NOTE: I also tried to use Augustus scripts (gffGetmRNA.pl
and gtf2aa.pl
) to obtain the mRNA and proteins. However these scripts didn't worked for me.
gffGetmRNA.pl
gave this kind of errors:
Use of uninitialized value in concatenation (.) or string at /users/Programs/Augustus/scripts/gtf2aa.pl line 208.
gtf2aa.pl
retrieved correctly the great majority of proteins except for 80 cases out of ~60,000 that corresponded to transcripts that have a reading frame "1" or "2". This looks like some bug.Thanks,
Hi, I run TSEBRA and got the gtf file without UTRs.

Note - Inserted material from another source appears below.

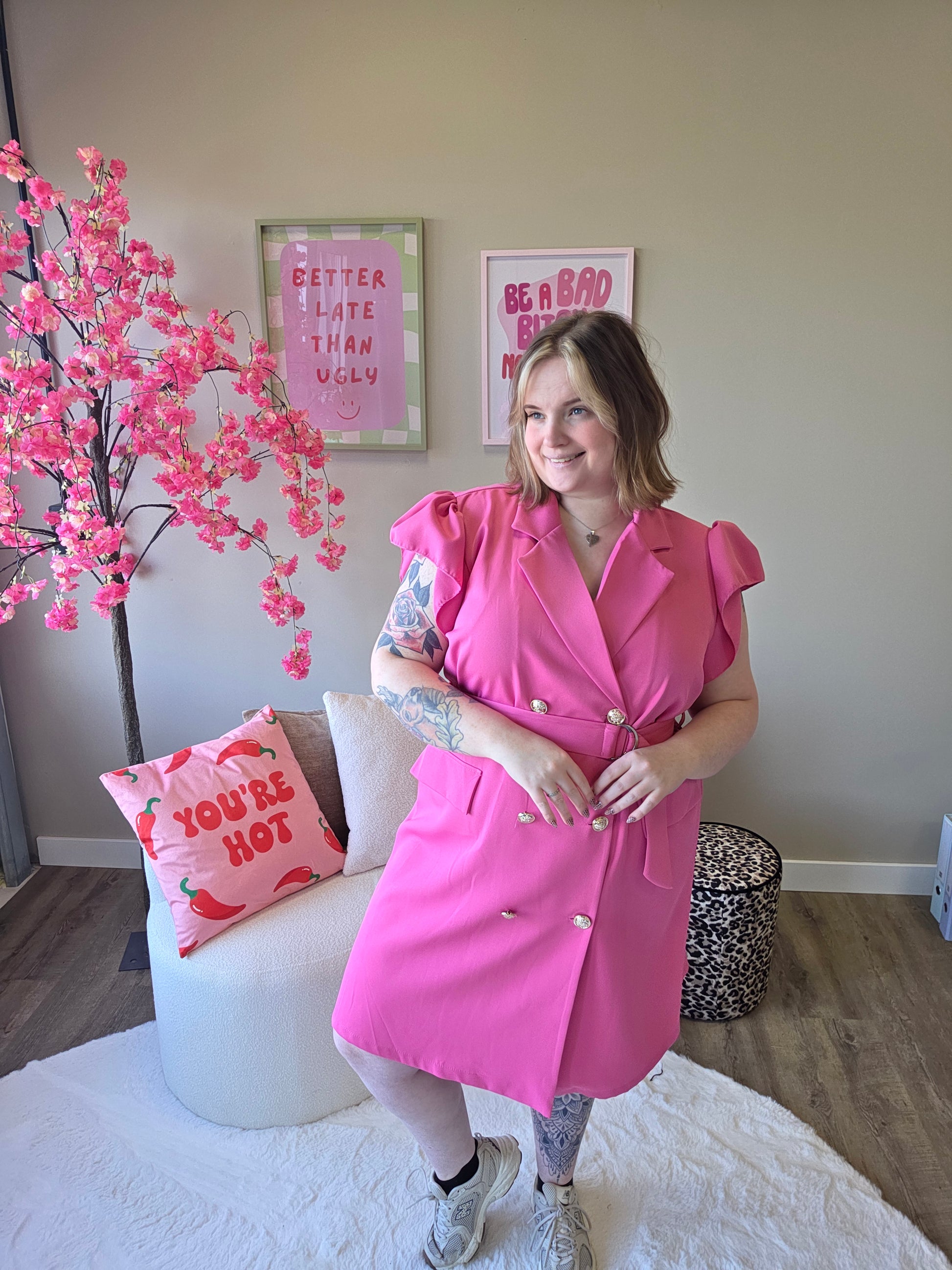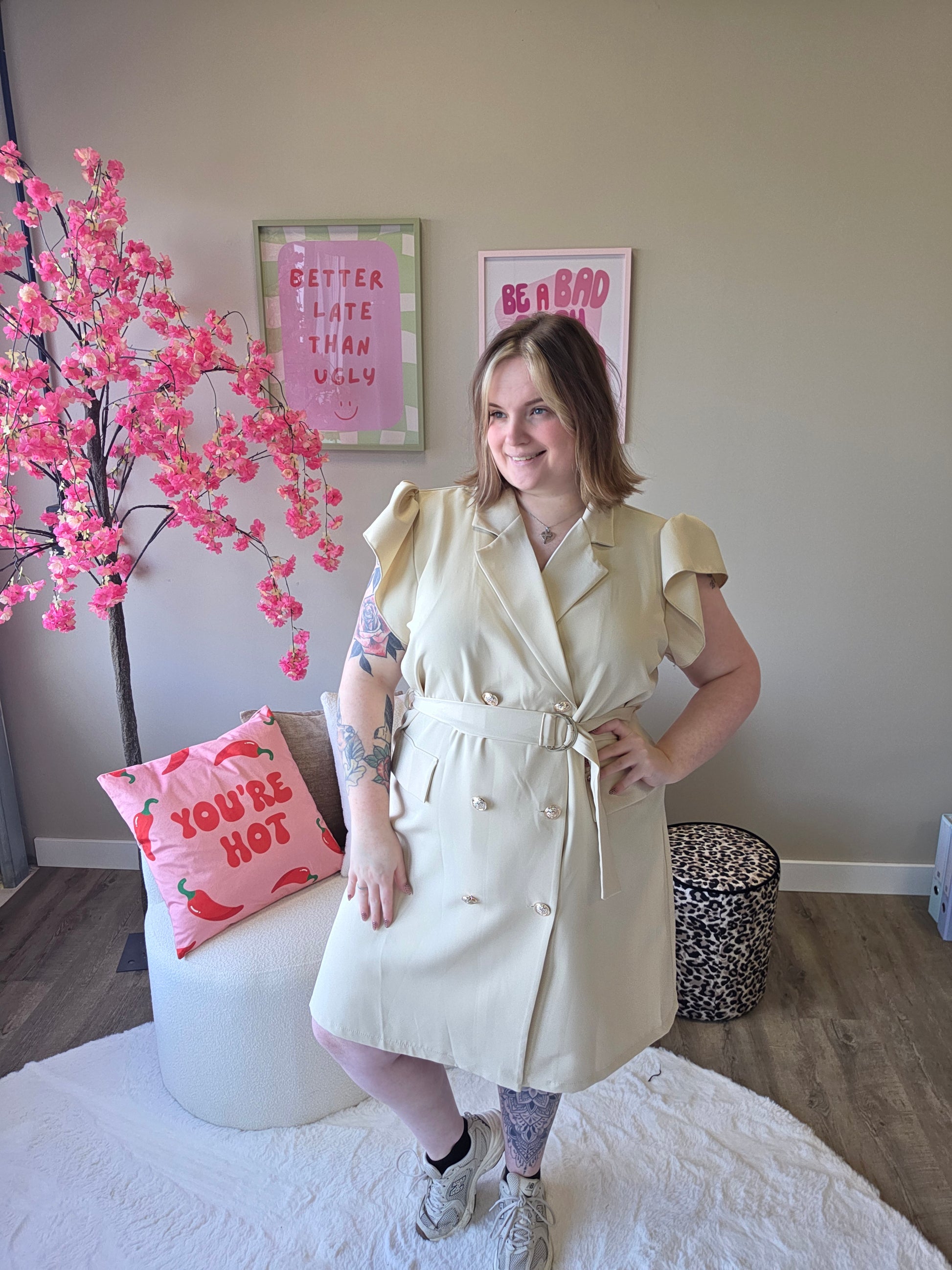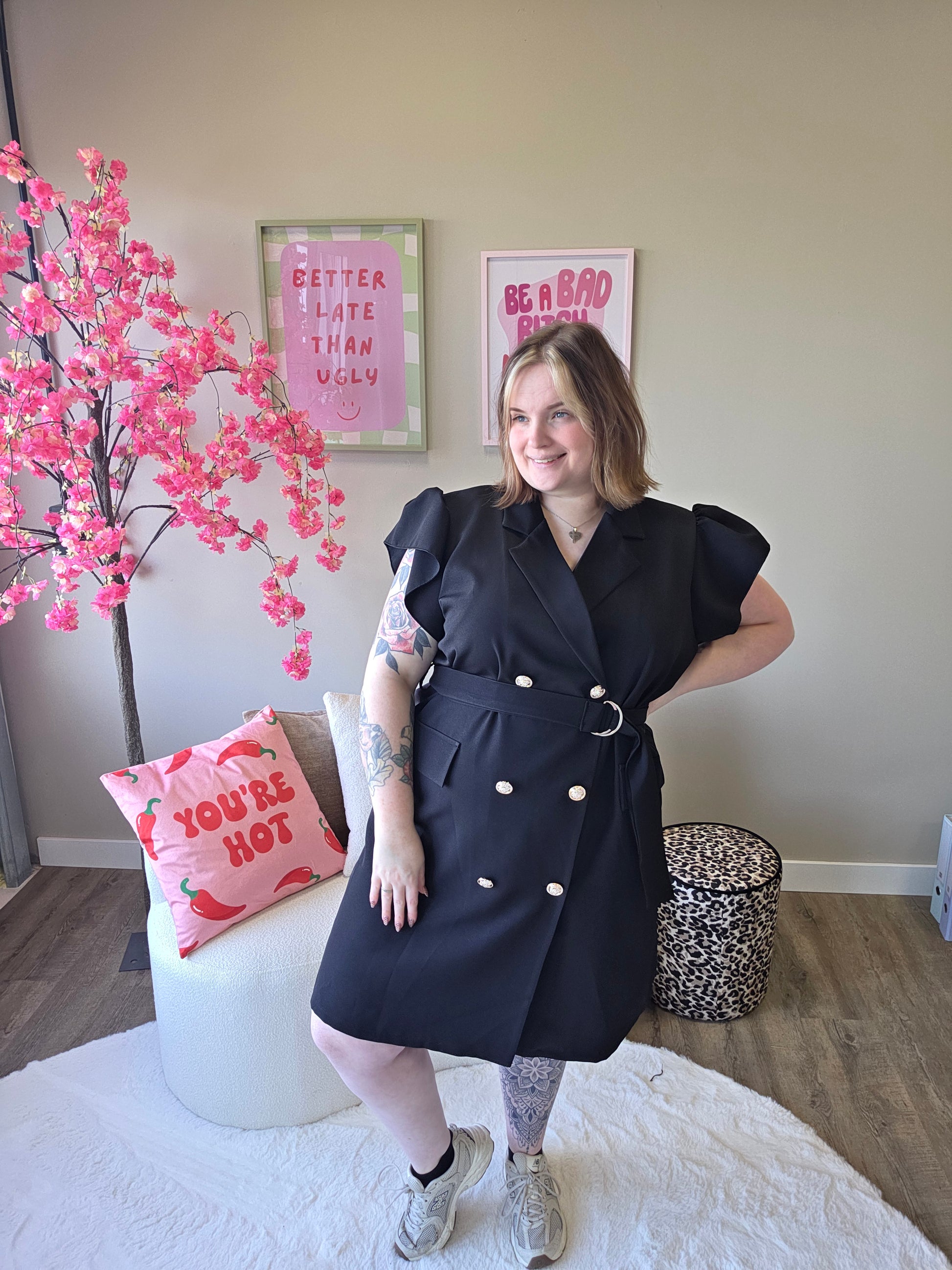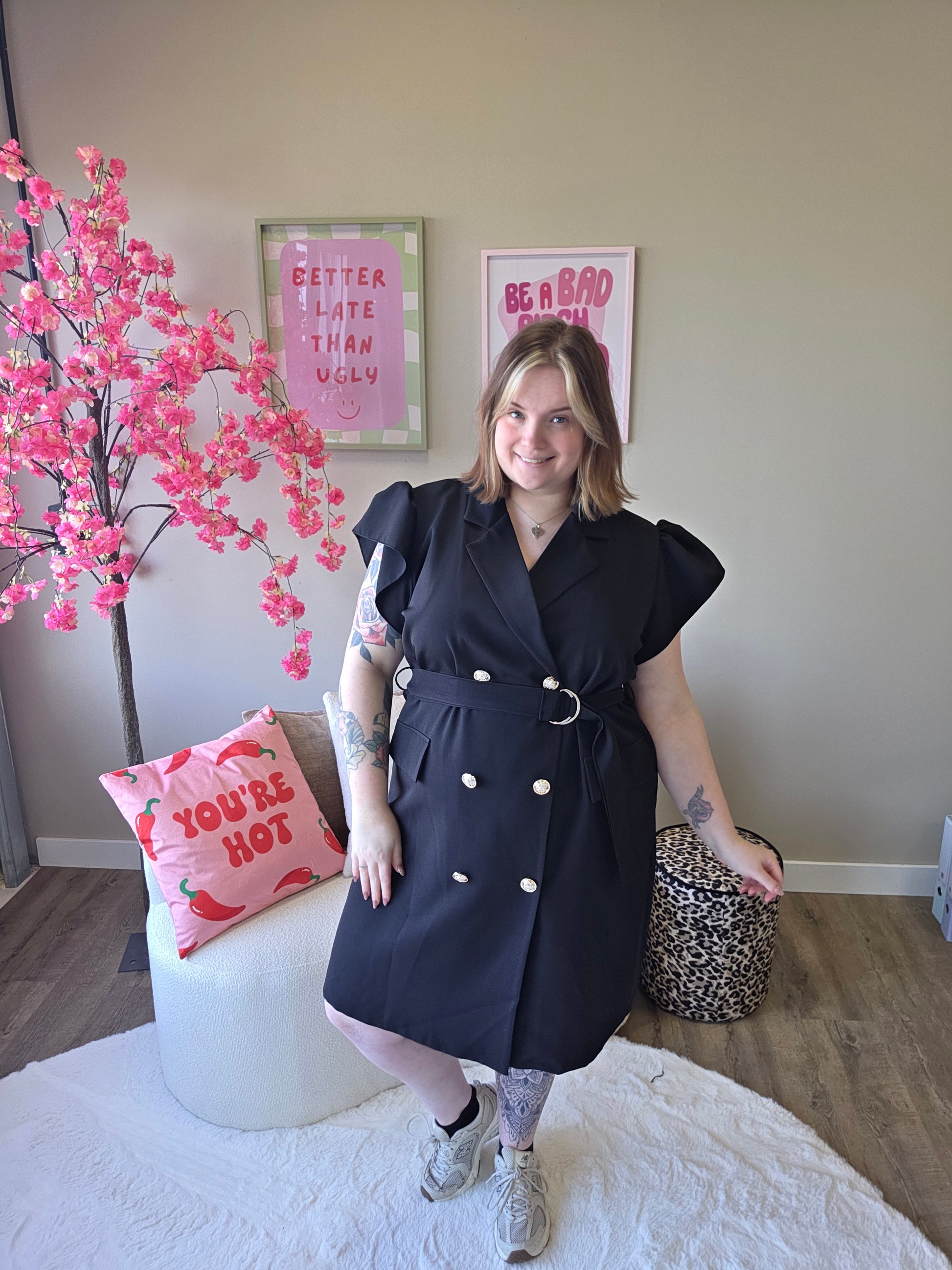 Deze blazer roezel jurk combineert het beste van twee werelden: de krachtige uitstraling van een blazer en de speelse charme van roezels. Het resultaat? Een unieke, vrouwelijke look met een edgy twist.

Then I want to get aa and CDS files according to gtf file using gtf2aa.pl and gffGetmRNA.pl in Augustus. I got lots of warnings for gtf2aa.pl: Use of uninitialized value in concatenation (.) or string at ~/Augustus/scripts/gtf2aa.pl line 208. Use of uninitialized value in concatenation (.) or string at ~/Augustus/scripts/gtf2aa.pl line 208. Use of uninitialized value in concatenation (.) or string at ~/Augustus/scripts/gtf2aa.pl line 208. ..........
and gffGetmRNA.pl stops with an error: Coordinate of g9042.t1 out of sequence range. 252844 >= 252844.
My gtf file: 1 AUGUSTUS gene 1 686 . + . g1 1 AUGUSTUS transcript 1 686 . + . g1.t1 1 AUGUSTUS CDS 1 686 0.7 + 2 transcript_id "g1.t1"; gene_id "g1"; 1 AUGUSTUS exon 1 686 . + . transcript_id "g1.t1"; gene_id "g1"; 1 AUGUSTUS stop_codon 684 686 . + 0 transcript_id "g1.t1"; gene_id "g1";
Can you give me some help? Thank you!